Transcribe exactly the entries from the "- nella seconda" line to the end, both included, minus pictures.

-------- Source material

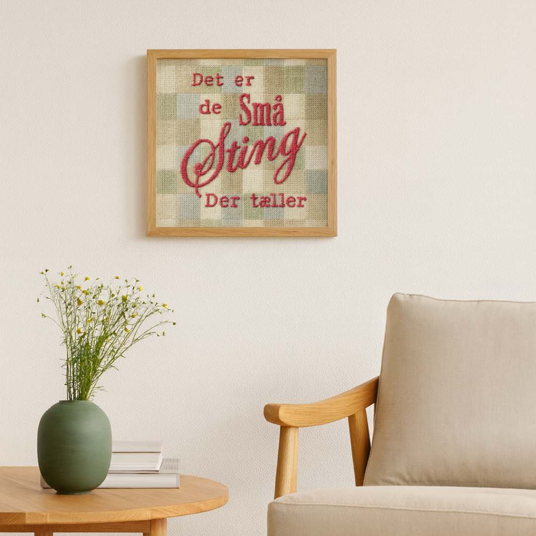 Med Det er de små sting der tæller – broderikit får du et stemningsfuldt projekt, der minder os om, at det netop er de små sting, der gør forskellen. Designet er udformet som et regulært kvadratisk motiv, perfekt til at indramme og hænge på væggen.
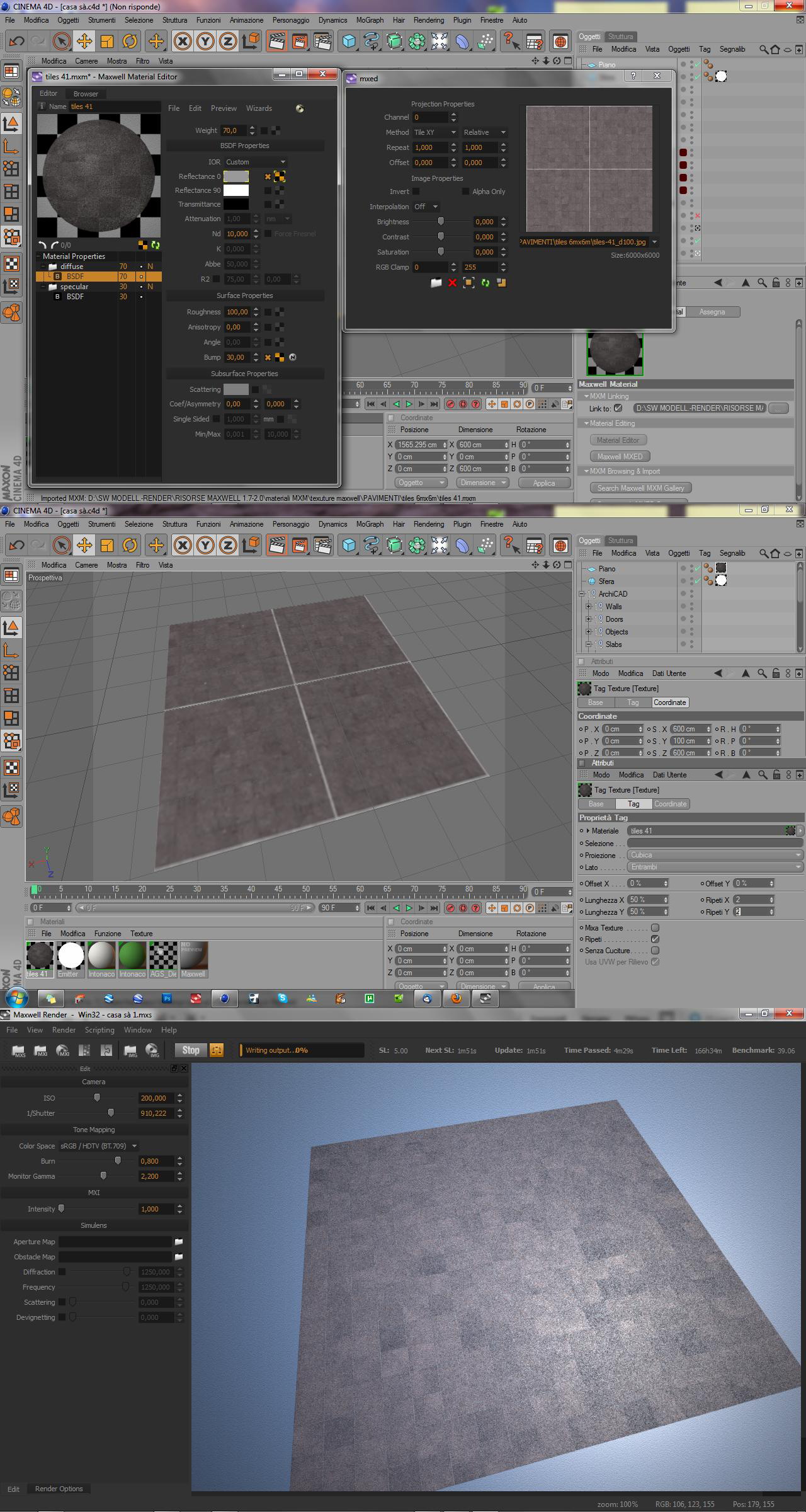 - nella seconda modifico i parametri "coordinate X e Y" e "ripeti X e Y". in questo modo, come si vede nel render sn giunto ad un corretto dimensionamento del materiale sul piano.
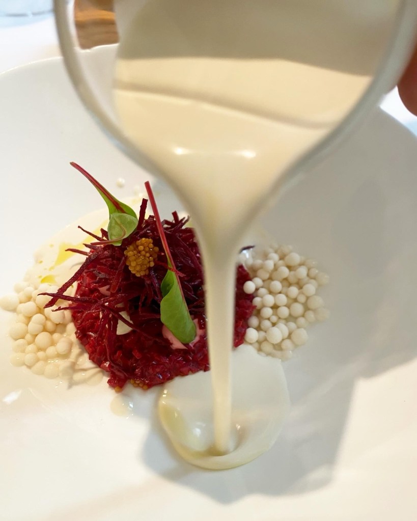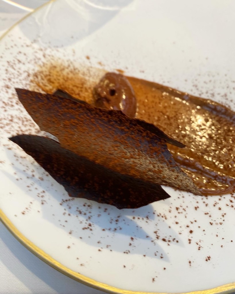 Acabamos lo salado -a punto del colapso (mayormente de placer)- con el canelón de seda (que es una masa líquida de almidón de arroz) relleno de una especiada pintada en estofado pibil, con una enjundiosa salsa de los jugos de la pintada, una etérea bechamel aireada y la rica y picosa salsa verde mejicana. Otra sinfonía en la que reina el magisterio sobre muchas cocinas y el talento para mezclarlas todas, mejorando los originales.
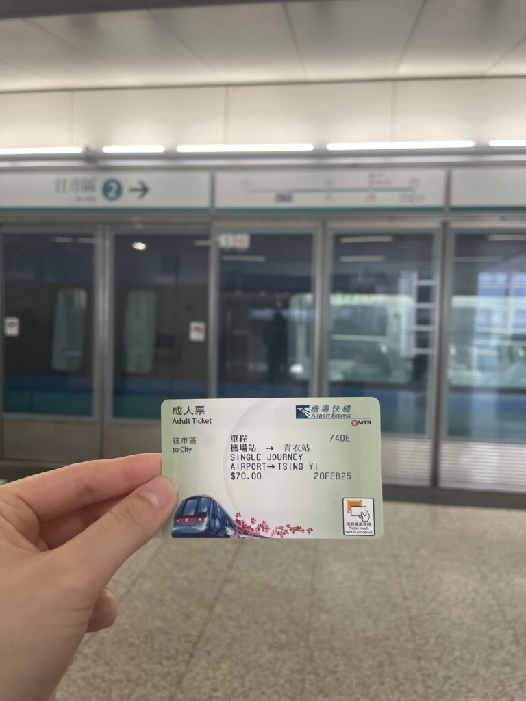 尖沙咀駅は赤い路線で、空港から赤い路線にたどり着くには、空港駅➡青衣駅➡茘景駅➡(赤い路線に乗り換えして)➡尖沙咀駅ということがわかりました。後にMTRモバイルという乗り換え案内アプリと、Google Mapの併用が便利と知りました。
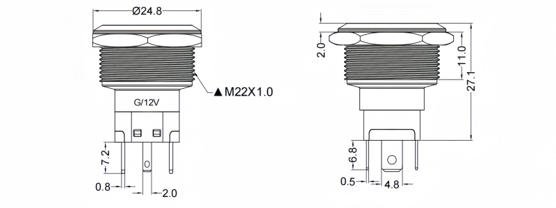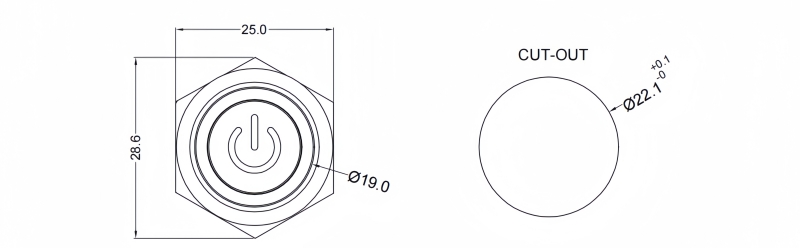 Function:ON-OFF Latching (ON)-OFF Momentary

----------------

Answer:
 - nella seconda modifico i parametri "coordinate X e Y" e "ripeti X e Y". in questo modo, come si vede nel render sn giunto ad un corretto dimensionamento del materiale sul piano.
 Acabamos lo salado -a punto del colapso (mayormente de placer)- con el canelón de seda (que es una masa líquida de almidón de arroz) relleno de una especiada pintada en estofado pibil, con una enjundiosa salsa de los jugos de la pintada, una etérea bechamel aireada y la rica y picosa salsa verde mejicana. Otra sinfonía en la que reina el magisterio sobre muchas cocinas y el talento para mezclarlas todas, mejorando los originales.
 尖沙咀駅は赤い路線で、空港から赤い路線にたどり着くには、空港駅➡青衣駅➡茘景駅➡(赤い路線に乗り換えして)➡尖沙咀駅ということがわかりました。後にMTRモバイルという乗り換え案内アプリと、Google Mapの併用が便利と知りました。
 Function:ON-OFF Latching (ON)-OFF Momentary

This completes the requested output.